▸ Work order:
In the records that follow, count the lines where the string "participantes" appears, and give the count with nothing added.

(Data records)
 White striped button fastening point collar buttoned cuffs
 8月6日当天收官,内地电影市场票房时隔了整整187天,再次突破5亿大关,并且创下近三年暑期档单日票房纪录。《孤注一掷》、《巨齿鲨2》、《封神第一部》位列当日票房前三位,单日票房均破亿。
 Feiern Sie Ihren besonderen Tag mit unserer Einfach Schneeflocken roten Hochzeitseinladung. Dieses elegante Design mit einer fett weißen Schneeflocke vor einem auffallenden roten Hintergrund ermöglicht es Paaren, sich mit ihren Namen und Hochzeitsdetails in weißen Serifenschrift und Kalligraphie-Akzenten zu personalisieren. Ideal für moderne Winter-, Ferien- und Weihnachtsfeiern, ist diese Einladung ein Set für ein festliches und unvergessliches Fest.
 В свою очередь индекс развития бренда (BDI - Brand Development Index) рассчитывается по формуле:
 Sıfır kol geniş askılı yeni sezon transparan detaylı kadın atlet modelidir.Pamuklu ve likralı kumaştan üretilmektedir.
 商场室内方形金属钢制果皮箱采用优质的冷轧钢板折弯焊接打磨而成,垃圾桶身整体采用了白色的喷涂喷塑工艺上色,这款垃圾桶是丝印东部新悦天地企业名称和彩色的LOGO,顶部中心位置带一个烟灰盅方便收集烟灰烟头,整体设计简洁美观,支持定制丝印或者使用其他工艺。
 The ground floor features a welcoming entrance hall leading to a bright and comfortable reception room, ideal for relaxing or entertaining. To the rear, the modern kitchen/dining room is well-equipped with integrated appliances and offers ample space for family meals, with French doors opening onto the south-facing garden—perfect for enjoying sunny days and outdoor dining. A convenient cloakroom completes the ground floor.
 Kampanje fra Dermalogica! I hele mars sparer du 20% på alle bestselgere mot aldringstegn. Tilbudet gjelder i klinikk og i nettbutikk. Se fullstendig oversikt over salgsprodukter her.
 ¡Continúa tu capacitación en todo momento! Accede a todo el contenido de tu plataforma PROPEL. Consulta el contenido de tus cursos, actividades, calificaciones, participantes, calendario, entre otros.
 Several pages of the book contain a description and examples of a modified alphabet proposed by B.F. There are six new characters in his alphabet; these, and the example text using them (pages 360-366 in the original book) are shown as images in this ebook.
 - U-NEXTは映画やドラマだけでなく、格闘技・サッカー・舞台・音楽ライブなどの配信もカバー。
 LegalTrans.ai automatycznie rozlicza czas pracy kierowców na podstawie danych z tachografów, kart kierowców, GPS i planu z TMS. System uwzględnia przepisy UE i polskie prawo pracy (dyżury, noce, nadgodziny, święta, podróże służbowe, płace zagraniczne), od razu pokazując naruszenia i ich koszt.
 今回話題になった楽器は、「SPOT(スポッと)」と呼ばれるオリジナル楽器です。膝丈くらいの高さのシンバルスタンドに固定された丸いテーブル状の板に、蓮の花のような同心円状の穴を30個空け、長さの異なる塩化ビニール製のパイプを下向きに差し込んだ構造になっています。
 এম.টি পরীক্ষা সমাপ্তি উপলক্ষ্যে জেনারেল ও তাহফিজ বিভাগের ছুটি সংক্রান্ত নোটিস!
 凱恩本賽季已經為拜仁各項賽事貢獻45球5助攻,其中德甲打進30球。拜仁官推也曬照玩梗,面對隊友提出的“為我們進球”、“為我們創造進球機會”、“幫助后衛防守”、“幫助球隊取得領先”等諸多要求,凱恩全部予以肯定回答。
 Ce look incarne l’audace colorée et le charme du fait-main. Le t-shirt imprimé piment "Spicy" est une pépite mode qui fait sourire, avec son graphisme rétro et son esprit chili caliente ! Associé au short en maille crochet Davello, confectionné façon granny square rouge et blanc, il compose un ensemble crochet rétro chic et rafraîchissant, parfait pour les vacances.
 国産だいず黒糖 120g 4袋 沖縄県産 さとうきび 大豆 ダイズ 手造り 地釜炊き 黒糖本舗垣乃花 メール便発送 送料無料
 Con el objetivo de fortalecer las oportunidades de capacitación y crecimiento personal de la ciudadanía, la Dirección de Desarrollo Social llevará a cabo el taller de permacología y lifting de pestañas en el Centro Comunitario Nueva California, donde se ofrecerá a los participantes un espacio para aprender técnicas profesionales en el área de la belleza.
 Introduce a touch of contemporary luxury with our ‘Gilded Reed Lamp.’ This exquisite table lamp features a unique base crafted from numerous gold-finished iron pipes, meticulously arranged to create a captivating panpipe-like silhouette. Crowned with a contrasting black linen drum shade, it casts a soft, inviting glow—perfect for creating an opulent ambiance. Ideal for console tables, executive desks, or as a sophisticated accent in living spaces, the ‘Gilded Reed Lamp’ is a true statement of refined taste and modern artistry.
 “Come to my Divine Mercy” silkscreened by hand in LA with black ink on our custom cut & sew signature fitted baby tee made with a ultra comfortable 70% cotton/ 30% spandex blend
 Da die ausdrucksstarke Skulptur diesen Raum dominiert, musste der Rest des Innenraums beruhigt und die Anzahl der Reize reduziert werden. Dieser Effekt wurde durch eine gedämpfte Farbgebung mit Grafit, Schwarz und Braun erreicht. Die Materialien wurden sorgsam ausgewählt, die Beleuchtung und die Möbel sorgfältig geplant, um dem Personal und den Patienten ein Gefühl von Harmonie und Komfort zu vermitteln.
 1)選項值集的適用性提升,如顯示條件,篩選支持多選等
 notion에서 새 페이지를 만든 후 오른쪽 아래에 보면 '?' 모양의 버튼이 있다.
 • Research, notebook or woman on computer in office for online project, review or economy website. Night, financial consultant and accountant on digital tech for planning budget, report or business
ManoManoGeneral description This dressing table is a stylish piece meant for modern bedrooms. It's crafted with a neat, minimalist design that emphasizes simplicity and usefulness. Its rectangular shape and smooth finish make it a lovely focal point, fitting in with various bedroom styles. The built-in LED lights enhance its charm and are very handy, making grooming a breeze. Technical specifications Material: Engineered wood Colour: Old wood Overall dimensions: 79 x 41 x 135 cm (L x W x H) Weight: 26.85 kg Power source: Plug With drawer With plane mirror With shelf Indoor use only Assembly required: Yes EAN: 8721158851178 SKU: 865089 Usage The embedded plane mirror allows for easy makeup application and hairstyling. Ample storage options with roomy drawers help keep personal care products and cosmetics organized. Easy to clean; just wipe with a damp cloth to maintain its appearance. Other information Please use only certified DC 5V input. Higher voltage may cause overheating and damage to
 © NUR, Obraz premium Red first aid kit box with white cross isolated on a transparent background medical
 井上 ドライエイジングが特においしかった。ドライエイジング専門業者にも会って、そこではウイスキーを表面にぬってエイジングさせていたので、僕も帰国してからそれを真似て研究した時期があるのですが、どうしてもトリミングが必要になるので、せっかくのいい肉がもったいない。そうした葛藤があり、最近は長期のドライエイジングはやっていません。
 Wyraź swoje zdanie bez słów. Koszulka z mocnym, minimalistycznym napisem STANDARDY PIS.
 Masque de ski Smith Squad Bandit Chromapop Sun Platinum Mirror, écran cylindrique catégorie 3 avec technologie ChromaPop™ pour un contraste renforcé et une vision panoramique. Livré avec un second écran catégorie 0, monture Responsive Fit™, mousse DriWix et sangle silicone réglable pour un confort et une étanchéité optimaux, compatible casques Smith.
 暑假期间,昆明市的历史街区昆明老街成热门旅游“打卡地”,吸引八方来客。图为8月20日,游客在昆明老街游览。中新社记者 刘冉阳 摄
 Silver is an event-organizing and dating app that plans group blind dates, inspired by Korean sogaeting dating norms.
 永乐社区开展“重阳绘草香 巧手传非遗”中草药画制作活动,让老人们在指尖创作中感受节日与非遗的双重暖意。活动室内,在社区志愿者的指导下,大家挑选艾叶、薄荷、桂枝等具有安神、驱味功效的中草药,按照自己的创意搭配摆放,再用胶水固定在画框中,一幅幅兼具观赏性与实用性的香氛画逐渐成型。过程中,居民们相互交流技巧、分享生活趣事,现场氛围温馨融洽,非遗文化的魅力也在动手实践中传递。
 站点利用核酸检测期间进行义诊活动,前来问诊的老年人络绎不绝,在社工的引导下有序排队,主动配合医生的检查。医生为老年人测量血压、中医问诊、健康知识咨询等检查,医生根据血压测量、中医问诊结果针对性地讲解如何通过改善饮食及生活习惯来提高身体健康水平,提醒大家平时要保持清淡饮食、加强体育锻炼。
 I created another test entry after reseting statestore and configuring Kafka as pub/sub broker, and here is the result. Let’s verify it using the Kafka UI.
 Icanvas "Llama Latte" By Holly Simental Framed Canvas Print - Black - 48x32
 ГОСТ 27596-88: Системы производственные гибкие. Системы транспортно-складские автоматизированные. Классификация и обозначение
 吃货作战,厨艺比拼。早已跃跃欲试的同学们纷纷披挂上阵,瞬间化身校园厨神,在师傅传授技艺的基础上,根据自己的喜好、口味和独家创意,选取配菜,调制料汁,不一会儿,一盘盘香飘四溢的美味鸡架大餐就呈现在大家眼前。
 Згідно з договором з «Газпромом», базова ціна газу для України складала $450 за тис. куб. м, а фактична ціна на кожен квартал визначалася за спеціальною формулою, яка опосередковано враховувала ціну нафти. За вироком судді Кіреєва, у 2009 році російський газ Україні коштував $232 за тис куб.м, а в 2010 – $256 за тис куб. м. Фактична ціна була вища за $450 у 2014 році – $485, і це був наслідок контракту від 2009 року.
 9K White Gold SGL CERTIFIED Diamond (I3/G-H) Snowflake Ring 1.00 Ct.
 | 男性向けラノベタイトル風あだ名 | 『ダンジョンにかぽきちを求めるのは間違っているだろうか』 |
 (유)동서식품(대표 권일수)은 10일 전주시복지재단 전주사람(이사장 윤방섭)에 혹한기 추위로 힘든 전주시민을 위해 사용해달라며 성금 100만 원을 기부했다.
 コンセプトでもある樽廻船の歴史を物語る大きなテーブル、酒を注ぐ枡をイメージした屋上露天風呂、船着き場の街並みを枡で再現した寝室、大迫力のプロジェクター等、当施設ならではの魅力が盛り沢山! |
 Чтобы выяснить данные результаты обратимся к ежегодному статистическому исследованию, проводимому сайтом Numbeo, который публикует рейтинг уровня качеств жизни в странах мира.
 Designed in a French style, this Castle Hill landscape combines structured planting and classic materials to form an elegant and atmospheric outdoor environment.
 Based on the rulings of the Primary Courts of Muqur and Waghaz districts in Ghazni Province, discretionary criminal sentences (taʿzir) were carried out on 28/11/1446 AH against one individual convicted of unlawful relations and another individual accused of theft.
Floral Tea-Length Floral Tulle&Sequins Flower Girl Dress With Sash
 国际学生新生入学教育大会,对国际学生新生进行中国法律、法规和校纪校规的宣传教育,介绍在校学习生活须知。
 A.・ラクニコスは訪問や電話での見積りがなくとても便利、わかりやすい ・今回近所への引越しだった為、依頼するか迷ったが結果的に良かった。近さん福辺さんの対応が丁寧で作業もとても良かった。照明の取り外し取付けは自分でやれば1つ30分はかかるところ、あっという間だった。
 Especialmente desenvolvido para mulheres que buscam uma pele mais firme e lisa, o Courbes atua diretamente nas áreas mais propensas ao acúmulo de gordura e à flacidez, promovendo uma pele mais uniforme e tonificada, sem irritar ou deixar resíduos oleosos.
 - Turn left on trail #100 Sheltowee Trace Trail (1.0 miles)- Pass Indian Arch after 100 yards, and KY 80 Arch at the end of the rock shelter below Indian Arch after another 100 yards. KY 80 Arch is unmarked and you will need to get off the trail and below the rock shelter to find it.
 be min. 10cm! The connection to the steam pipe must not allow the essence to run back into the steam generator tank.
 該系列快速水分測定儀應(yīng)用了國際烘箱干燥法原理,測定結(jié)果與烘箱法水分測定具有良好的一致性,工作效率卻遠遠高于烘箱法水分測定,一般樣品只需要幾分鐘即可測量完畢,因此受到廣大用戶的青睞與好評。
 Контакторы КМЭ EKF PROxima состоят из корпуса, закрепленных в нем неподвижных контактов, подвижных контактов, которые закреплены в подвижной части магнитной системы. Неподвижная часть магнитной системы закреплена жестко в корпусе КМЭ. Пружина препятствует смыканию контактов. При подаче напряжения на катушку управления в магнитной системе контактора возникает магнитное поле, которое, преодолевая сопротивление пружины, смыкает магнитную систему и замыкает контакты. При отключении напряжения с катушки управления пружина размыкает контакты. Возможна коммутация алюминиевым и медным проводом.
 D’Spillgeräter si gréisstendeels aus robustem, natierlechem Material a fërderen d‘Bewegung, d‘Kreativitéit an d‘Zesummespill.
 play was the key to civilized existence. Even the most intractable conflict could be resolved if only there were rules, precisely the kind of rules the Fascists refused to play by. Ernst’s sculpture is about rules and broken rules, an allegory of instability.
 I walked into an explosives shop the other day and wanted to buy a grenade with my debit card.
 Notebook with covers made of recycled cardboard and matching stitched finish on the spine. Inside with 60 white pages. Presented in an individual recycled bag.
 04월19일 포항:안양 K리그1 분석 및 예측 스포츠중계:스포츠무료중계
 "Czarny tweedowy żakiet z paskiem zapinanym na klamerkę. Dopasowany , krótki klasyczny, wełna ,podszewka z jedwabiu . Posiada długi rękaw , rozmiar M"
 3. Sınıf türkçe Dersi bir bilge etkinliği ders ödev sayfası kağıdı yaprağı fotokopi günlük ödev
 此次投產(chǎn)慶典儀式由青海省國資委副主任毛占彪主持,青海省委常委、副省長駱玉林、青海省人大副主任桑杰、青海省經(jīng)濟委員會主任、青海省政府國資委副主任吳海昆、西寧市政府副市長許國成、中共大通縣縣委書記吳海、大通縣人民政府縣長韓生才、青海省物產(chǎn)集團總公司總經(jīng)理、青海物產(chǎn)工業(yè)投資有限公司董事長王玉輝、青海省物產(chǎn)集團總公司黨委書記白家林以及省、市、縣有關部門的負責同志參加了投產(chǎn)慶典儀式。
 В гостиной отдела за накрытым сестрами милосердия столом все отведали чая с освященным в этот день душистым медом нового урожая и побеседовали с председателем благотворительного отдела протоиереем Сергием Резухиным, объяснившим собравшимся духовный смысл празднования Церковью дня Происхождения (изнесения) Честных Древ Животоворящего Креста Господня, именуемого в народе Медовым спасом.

▸ Solution for this problem:
2